The nose of the mind

I’ve written a lot about instincts and intuition and trusting your gut.

I trust mine and I rely on it often, with people I’ve known forever and those I’ve just met.

Recently my job has taken me out into the public a lot more; I love that.    It can be daunting at times: I never know what I’ll get but that’s the part I enjoy the most ~  I’m prepared for anything and often experience just that.

Yesterday was one of those days.

It was a meeting I had second thoughts about attending.  There was a small part of me that thought “ahh .. it’s the same old message and the same old people and you have many other things to tend to.”  But something told me to go anyways.  And so I did.

Driving through the countryside, past houses, farms and fields, I felt myself relax.   Looking across the crusty wind-shaped snow, I counted the pivots.  The pivots took me back to where I grew up, where massive pivot systems run in circles and water is piped up from rivers and reservoirs across the dusty prairie.

When I arrived at the meeting place, one of the first people I saw was The Grizzly Bear.  I’ve written about men like him before, and I run across many on a regular basis: they’re often older than me, experienced, opinionated.
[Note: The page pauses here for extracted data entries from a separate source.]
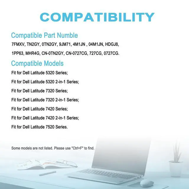 Condition: 100% brand new from manufacturer. ^^ Replacement Battery Part Numbers7FMXV, TN2GY, 0TN2GY, 9JM71, 4M1JN, 04M1JN, HDGJ8, 1PP63, MHR4G, CN-0TN2GY, CN-0727CG, 727CG, 0727CG. ^^ Compatible ModelFit for Dell Latitude 5320 Series; Fit for Dell Latitude 5320 2-in-1 Series; Fit for Dell Latitude 7320 Series; Fit for Dell Latitude 7320 2-in-1 Series; Fit for Dell Latitude 7420 Series; Fit for Dell Latitude 7420 2-in-1 Series; Fit for Dell Latitude 7520 Series. ^^ Security/QualityAll batteries are UL, CE, FCC, RoHS safety certification, built-in over charge, over discharge, over temperature, short circuit protection. The battery offers up to 1000 charge cycles and uses grade A battery cells to improve charging speed and battery performance, ensuring performance and durability. ^^ After-Sales SupportWe support 30 days refund, 12 months warranty (refund or replace battery), 24 x 7 mail support. return window will close one month after you receive the product and you can contact us by placing your order or by clicking " Ask a question" on the seller's page.
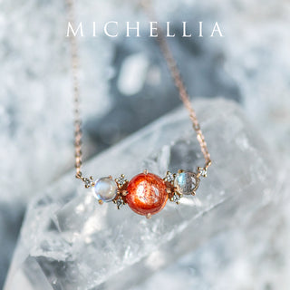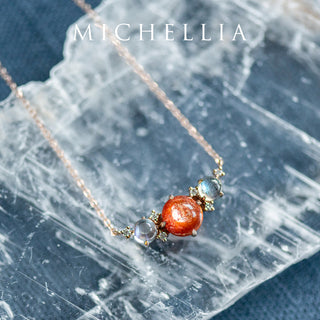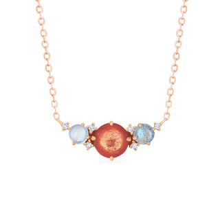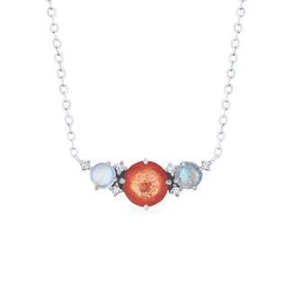 Celestine Galaxy Trio Three Stone Necklace in Sunstone, Moonstone, and Labradorite | N3004
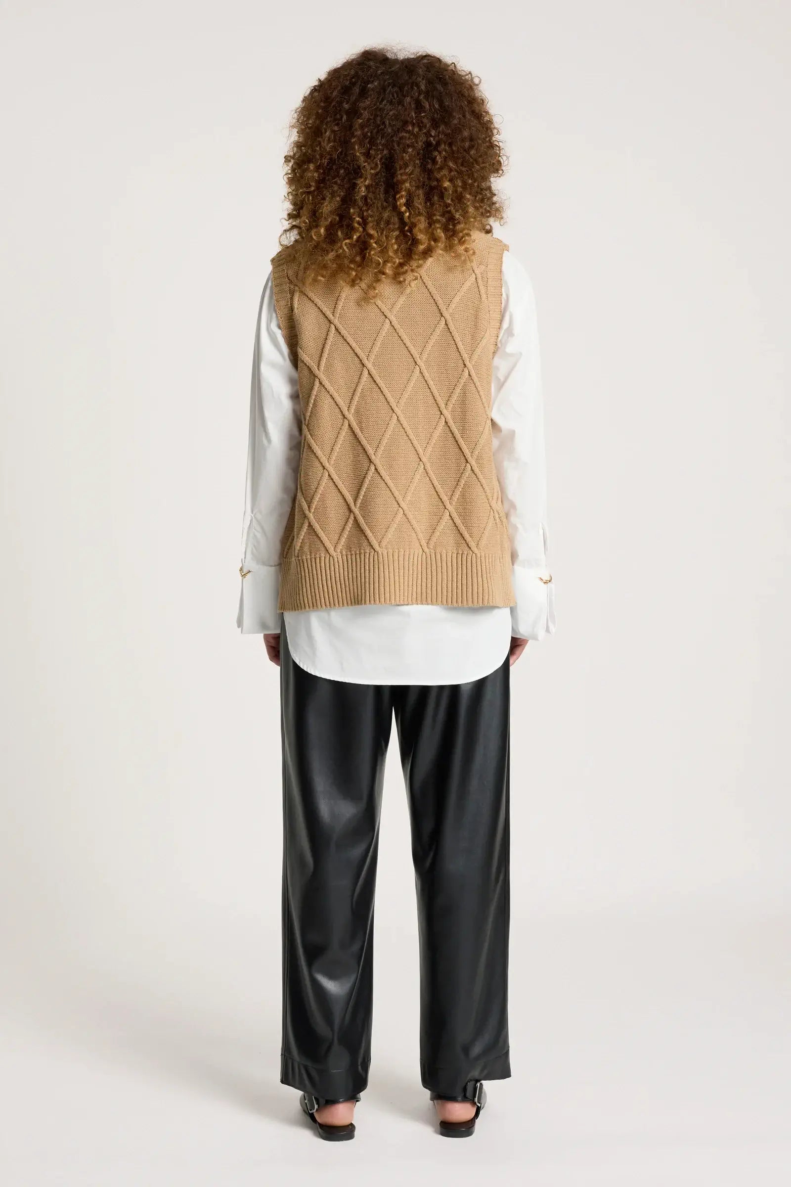 A classic V-neck knit vest with a modern twist. Crafted from breathable cotton, the Liora Knit Vest features a distinctive checkerboard knit and ribbed detailing. Designed for effortless layering, it adds depth and polish to everyday outfits.
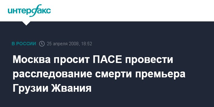 Москва. 25 апреля. INTERFAX.RU - Россия призывает ПАСЕ возобновить работу по выяснению причин смерти Зураба Жвании.
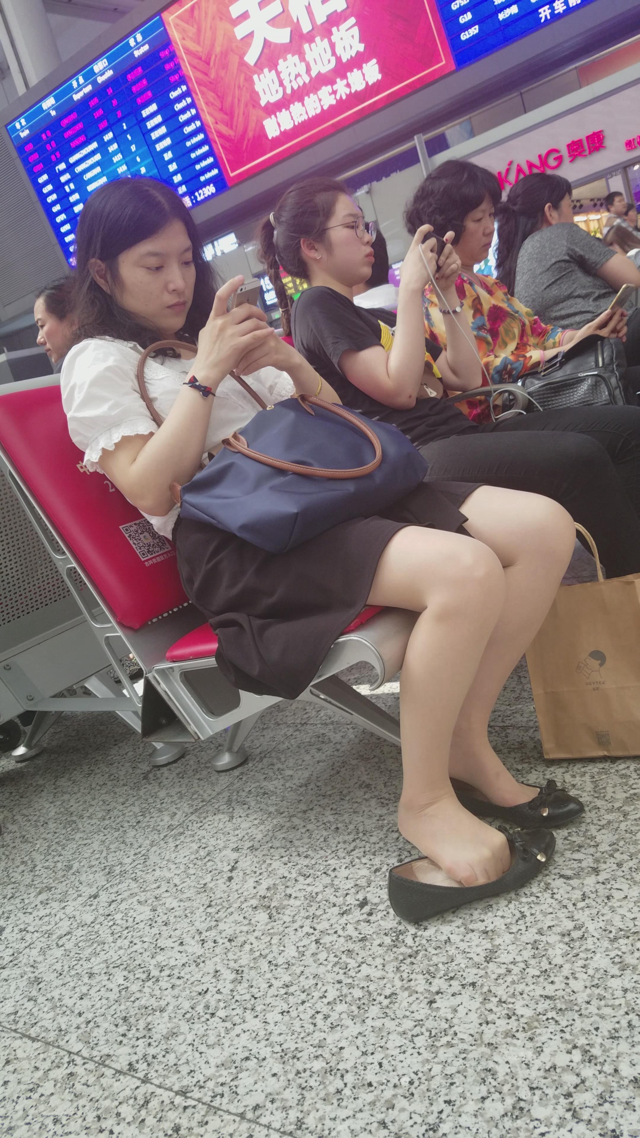 4k-候车室专心玩手机的小姐姐,趁人不备偷偷晾脚 编号2806
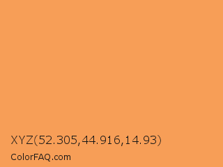 XYZ 52.305,44.916,14.93 Color is a light orange color and the nearest color is Tan Hide #fa9d5a. Hex code #f79e57 and RGB value is rgb(247,158,87). In RGB color space, this color is composed of 97% red, 62% green, 34% blue, In CMYK color space, this color is composed of 0% cyan, 36% magenta, 65% yellow , 3% black , In HSL color space, this color has a hue angle of 27° , 91% saturation and 65% lightness.

Many like to hear themselves talk and be the voice of authority. Others are gracious and welcoming.  Some – not so much – that’s fine, there’s room for all of us.

Instead of taking my seat I took a chance and approached the Grizzly.  Quietly I asked him about the pivots.  His look told me what I knew he’d assumed all along:  that I was just some city girl out in the country where she doesn’t belong.  I explained that I grew up on a farm and we had pivots, too. Then I inquired as to their water source because I hadn’t seen any large bodies of water around.  These simple questions opened a floodgate of information my way and before the meeting began, the unthinkable happened: he smiled at me.

The meeting started and questions from the crowd soon followed.  I answered and took notes and did my best to manage the information flow.  His posturing was still there and maybe it always will be. But, for once, it was no longer directed at me.

Instinct is the nose of the mind.” -Delphine de Girardin



Have you ever felt a “nudge” about someone or something?  Do you listen to it?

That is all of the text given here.